Yes, the state DOES provide for needs where no market exists - what economists call Public Goods, and externalities. But, it does this not because it seeks to act in the interests of workers, but because it works in the interest of Capital. Education and Health are both Public Goods, for which there is only a limited market. But, the Capitalist State does not provide these because it seeks to look after the needs of workers for these goods. That is why the quality of both is so poor, compared to their private provision in the market! It seeks to provide these services because Capital needs a relatively educated, relatively healthy supply of workers!

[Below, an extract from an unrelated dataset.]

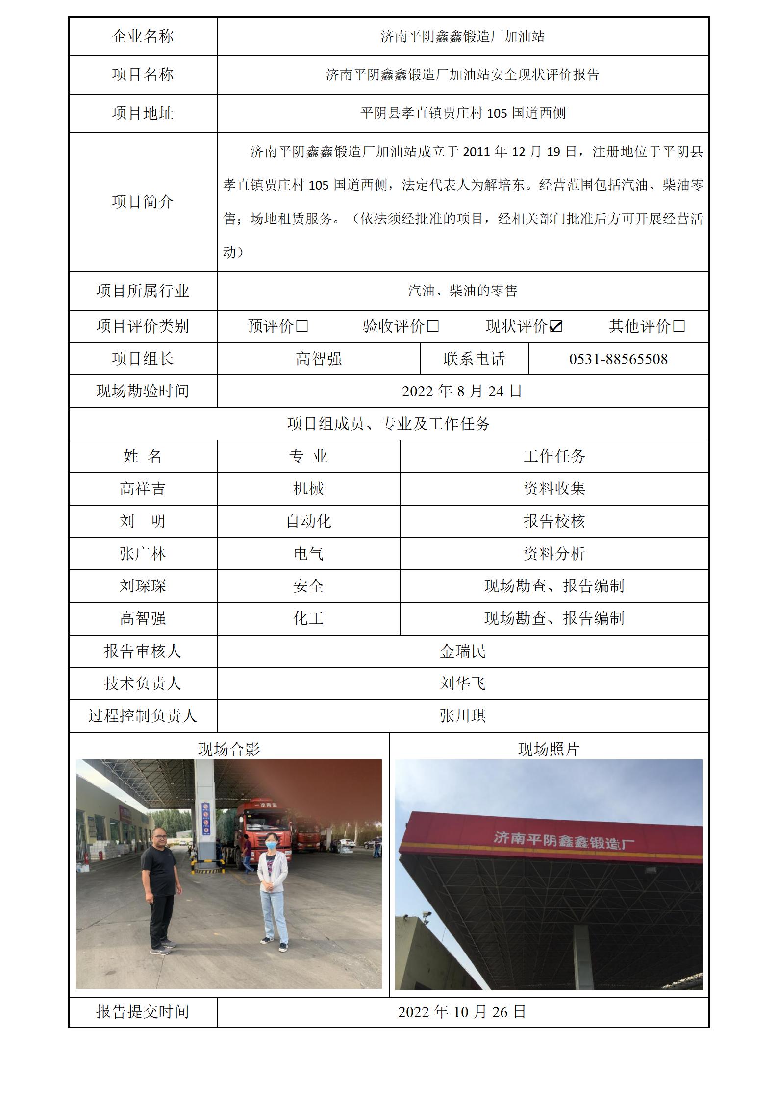济南平阴鑫鑫锻造厂加油站安全评价报告信息公开

And it does, "streamlin(e) all services, delivering real value for money but achieving this by simply stopping providing some existing services. So it can then set targets against this reduced service.", and does so precisely because it is working in the interests of Capital.

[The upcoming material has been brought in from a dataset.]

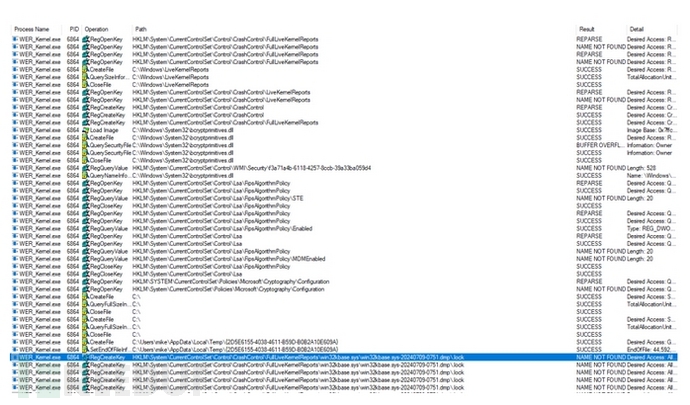 1.CVE-2024-26169(WerKernel.sys)Werkernel.sys是Windows错误报告(WER)子系统的驱动程序,CVE-2024-26169是在调查与勒索软件攻击相关的事件时发现的零日漏洞。这是由werkernel.sys使用null安全描述符引起的,该描述符处理访问级别。这允许任何用户与驱动程序交互,例如,重写注册表项HKLM\Software\Microsoft\Windows NT\CurrentVersion\Image File Execution Options\WerFault.exe的值。此键存储有关负责对Windows中的应用程序进行错误处理的应用程序的数据。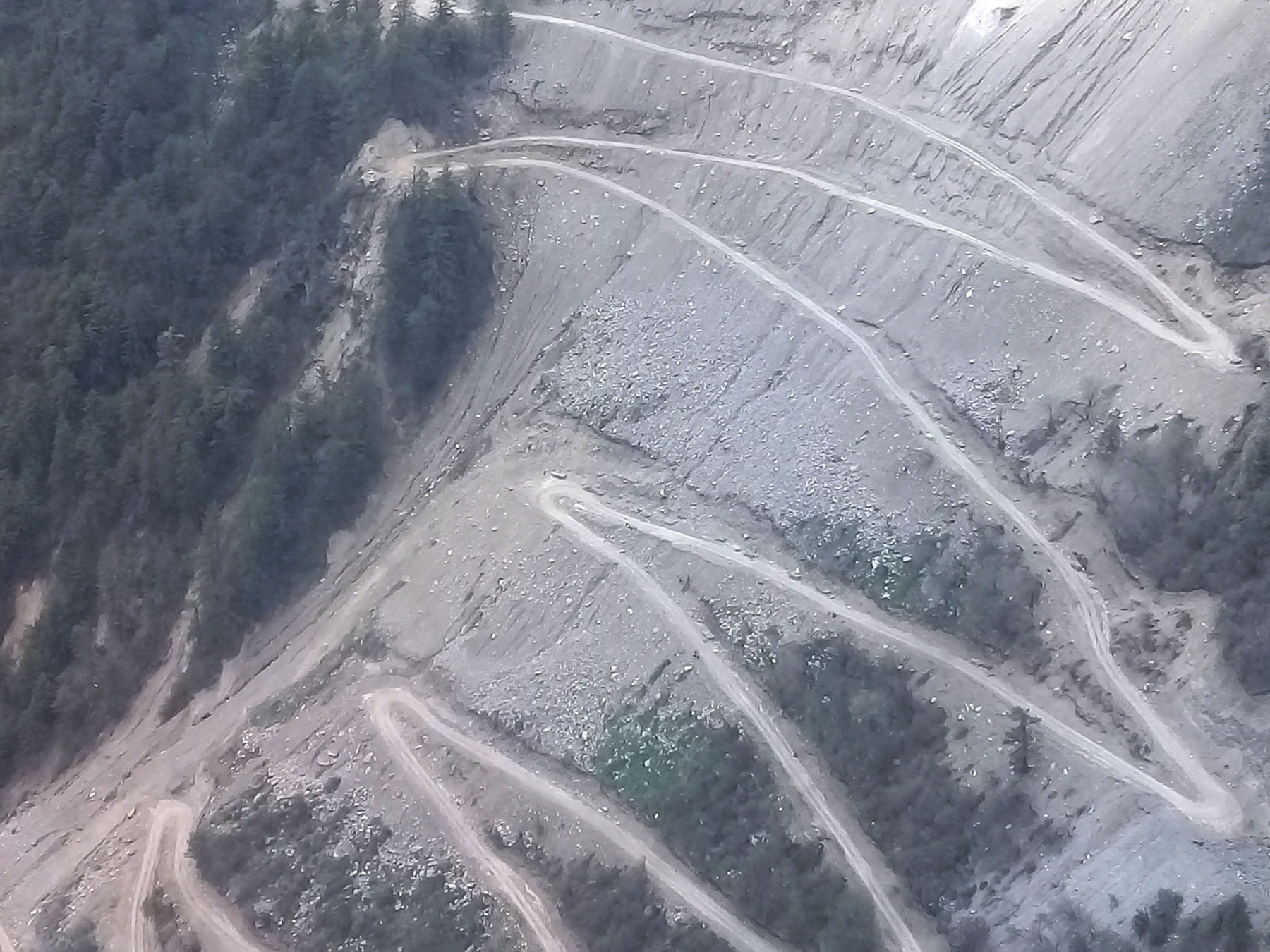 काठमाडौं – महाकाली नदी किनारमा भारतले बनाएको नागबेली बाटो । नदी किनारैकिनार गुञ्जी, कालापानी हुँदै चीनको मानसरोबरमा जोड्न लिपुभञ्याङ जोडेको बाटो यही हो । तल्लो क्षेत्रमा उसले नदी किनारै किनार आफ्नैँ भूभागमा बाटो बनाएको छ भने गुञ्जीबाट भने अतिक्रमित भूभागको प्रयोग गरिएको छ । तस्वीरः नारायण ढुङ्गाना÷रासस

That is why marxists should not tell workers to rely on this State to provide for these things, but should instead look to the working class bringing the provision of these vital goods and services under its own direct ownership and control as the only guaranteed means by which it can ensure that they meet the real needs of the workers, not the bosses!
We call value for money, shit but cheap!
How can a bureaucratic, non productive-heavy public sector serve capital? I would think it/they would want as streamlined a service as possible that delivered what it desires, i.e. more front line staff and less managers. I would also think that capital/capitalists would want the public sector to only be involved in areas that they could not make money from and only then if the cost of not providing was social breakdown or unrest of some kind.
Now I don’t doubt your arguments against some public sector provision and that direct worker control would bring better results but I can’t see how these bureaucrats serve capital, they just seem to serve themselves.
I also don’t fully buy the argument that the state is nothing more than the tool of the ruling class. I think governments or trade unions can act in the interests of workers, though without actually changing bourgeois social relations.
At the TUC an RMT delegate made the point that the rail networks were reducing the hours of cleaners to save money. This shows that in the ‘efficient’ private sector that efficiency is marked against what is being done but takes no account of what isn’t being done or what level it is being done at. (A point I unsuccessfully tried to make in the last comment). This demonstrates that socialist should be wary of labelling the private sector efficient.
On sectional interest. Trade Unions by their nature are sectional. Their function is to promote the interests of a particular group of workers. In one debate a delegate actually began by saying "You might be wondering how I am going to manage to talk about my Dinner Ladies in relation to this motion"!
If you work in the Public Sector you will no doubt have a similar experience to myself, in which there was almost as much rivarly between NALGO (then UNISON) with the other unions at the Council as their was between unions and Management! When I became Branch Sec. I tried to overcome that by pushing as much stuff to the JCC as possible, and where possible suggesting joint union meetings of all members. Its why I favour concentrating on setting up Factory Committees, which can organise workers on the shop floor across union boundaries, and even pull in non-union members.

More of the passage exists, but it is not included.